The newest member of the broadcast team tries to get an interview with Orton. I guess Orton’s either too pissed off or just didn’t recognise her, because he just walks off.

Carmella makes her way out to the ring, and almost gets there before Nat ambushes and kicks the shit out of her on the outside of the ring. Still way better than anything involving Eva Marie, because this has actual physical contact.

Ziggler is getting ready backstage, and Shane and Bryan show up to try and talk him down from the ledge he’s placed himself on. This just pisses Dolph off, and it will be fucking hysterical if he loses the match now, after this much build up.

The Boyhood Dream Has Come True!

Well, we’re about to find out whether that’s going to happen, because here’s Bray Wyatt. Ziggler follows him, and if he loses this match then I think next week we’re going to find him with his head in an oven. Ambrose is on commentary, and we get things underway.

Bray charges out of the corner, right into a dropkick.

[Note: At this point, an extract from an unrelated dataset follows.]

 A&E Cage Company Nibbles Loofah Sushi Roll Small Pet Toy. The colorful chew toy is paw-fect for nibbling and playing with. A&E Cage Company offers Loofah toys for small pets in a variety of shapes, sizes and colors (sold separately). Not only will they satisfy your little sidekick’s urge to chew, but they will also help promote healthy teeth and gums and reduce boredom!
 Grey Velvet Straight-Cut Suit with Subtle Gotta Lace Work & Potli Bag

Fame-asser strikes, getting two, and Ziggler wants a superkick. Wyatt ducks out of the ring, and Dolph follows, running right into a hard clothesline. Bray throws Dolph into the barricade, then back into the ring, almost getting rolled up by Ziggler out of nowhere before we go to a break.

When we come back, Wyatt and Ziggler are perched on the second rope, and Bray wants himself a superplex, and he gets it. Bray spiderwalks before going for the pin, because he doesn’t care that much about being the number one contender. He locks in a sleeper hold to Dolph, keeping him on the mat. Ziggler tries to work his way back up, and finally does so, hitting a jawbreaker to create separation.

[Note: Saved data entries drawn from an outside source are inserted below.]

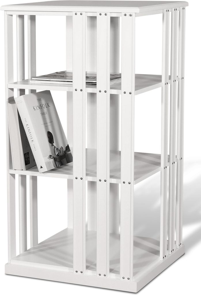 En klassisk och tidlös karusellhylla, eller "boksnurra" som den också kallas för. Bokhyllan har 3 hyllplan för praktisk förvaring och hela hyllan är tillverkad av trä i vitlackad finish. Boksnurran passar perfekt in på flera olika platser i hemmet och är det perfekta valet att fylla med prydnader och litteratur. Boksnurran är roterbar.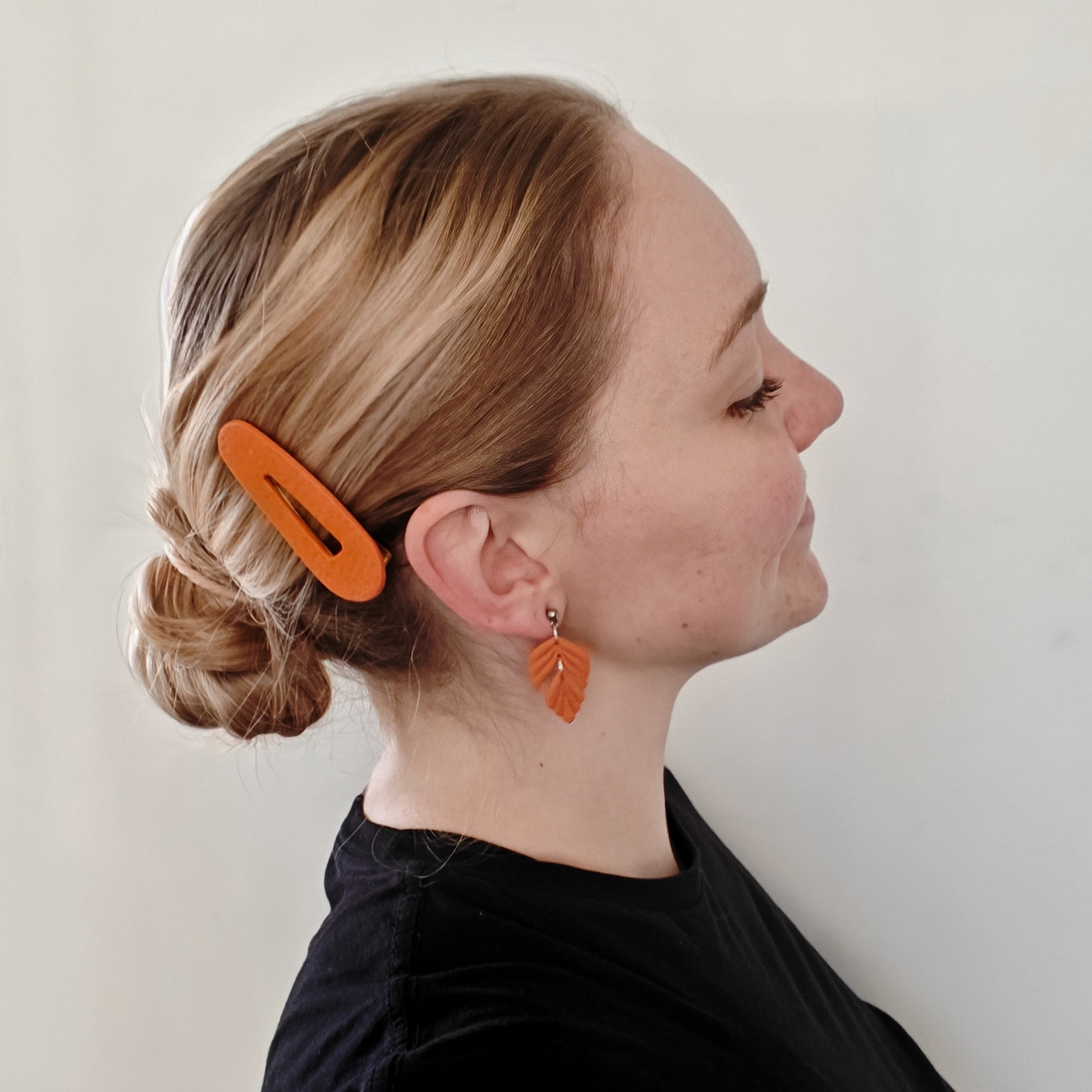 Polymeerisavesta valmistettu ruskea hiuspinni. Pitää paksunkin tukan hyvin kiinni.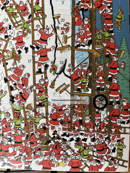 Look at the bottom right hand corner, under the wooden tower, Wally is smiling away sandwiched inbetween a snowman and a santa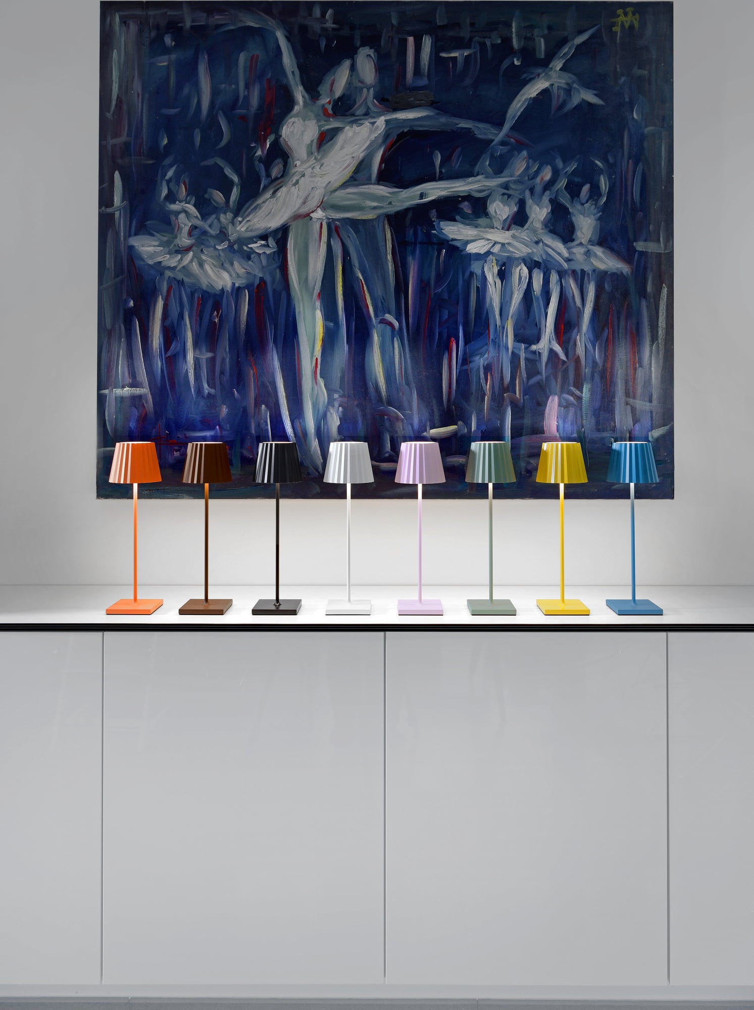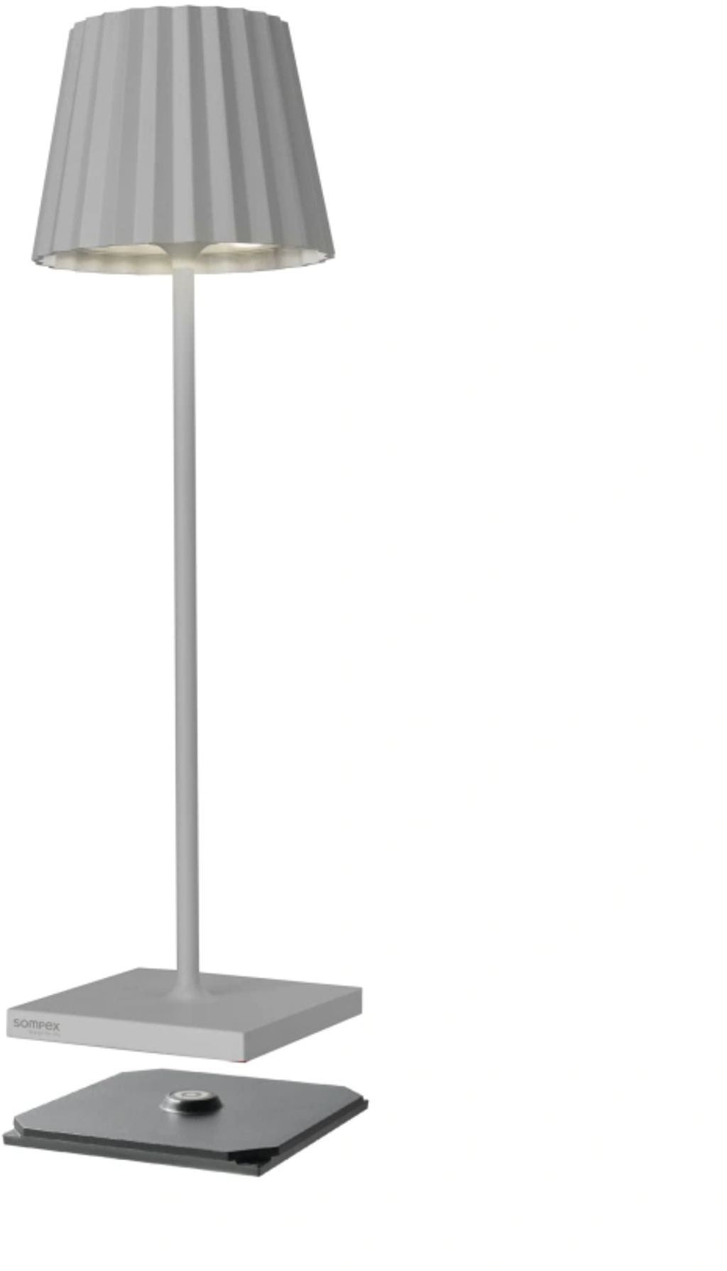 Met zijn klassieke ontwerp, dat doet denken aan de onmiskenbare plissékap, is hij een prachtig accessoire voor woonkamers, patio's en balkons en kan hij na gebruik op elk moment worden opgeladen in het oplaadstation.

Wyatt runs into a back elbow, then takes some flying clotheslines off the ropes, then a stinger splash, the elbow and the cover for two. Both he and Wyatt take a while getting back upright, before Wyatt catches a superkick and pops Ziggler in the mouth. Suplex and a senton splash from Wyatt gets a near fall.

Bray starts unlacing the turnbuckle, but the ref backs him off, right into a Zig-Zag! Dolph goes right for the cover, but Wyatt kicks out right before the three! And now it’s Ziggler taking off the turnbuckle, and the referee’s almost in tears! Wyatt almost catches Dolph with Sister Abigail; Dolph rolls him up for two, and then takes the ura-nage for two!

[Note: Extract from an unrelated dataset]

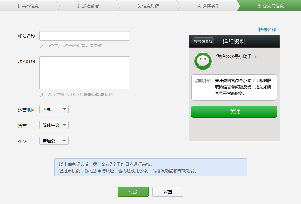 8、我們點擊“繼續”后,就直接到了“公眾號信息”選項卡里面,在這里我們要輸入帳號名稱、功能介紹、地區等信息認真填寫,在功能欄里一本是填寫企業簡介。帳號名稱也只有一次機會,確定后是不能更改的。所有填寫完成后,我們直接點擊“完成”。如下圖所示: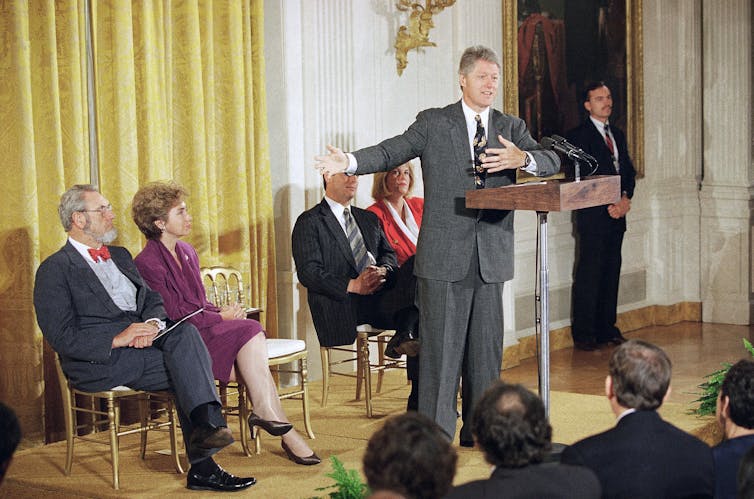 | Bill Clinton’s 1993 health care plan called for universal coverage. It was dead by 1994, but the political wrangling it started over health care lives on. J. Scott Applewhite/AP Photo |

Ziggler tries to fight back, but Wyatt pounds on him, keeping him down. He throws Ziggler into the corner with the exposed turnbuckle, and Dolph manages to avoid the metal, instead throwing Wyatt head-first into the exposed steel, laying him out with the superkick to win the match and retain his title shot!

Great match, with a nice focus on Ziggler staying alive and consistently almost getting the job done. Excited for him going forward. 3 Stars.

Rowan jumps Ziggler after the match, because fuck Bray Wyatt’s singles career with a cactus. Dean dives into the ring, taking on both Bray and Rowan until Rowan takes him down. He’s thrown out of the ring before Wyatt Sister Abigails Dolph for the second time tonight. Who’s betting on a tag team match next week?

Not as good as last week, which was pretty damn phenomenal. The women’s matches both seemed pointless apart from furthering feuds, only one of which I even care about. The main focus was on Dolph, Brock and Randy, all of whom delivered. 7/10.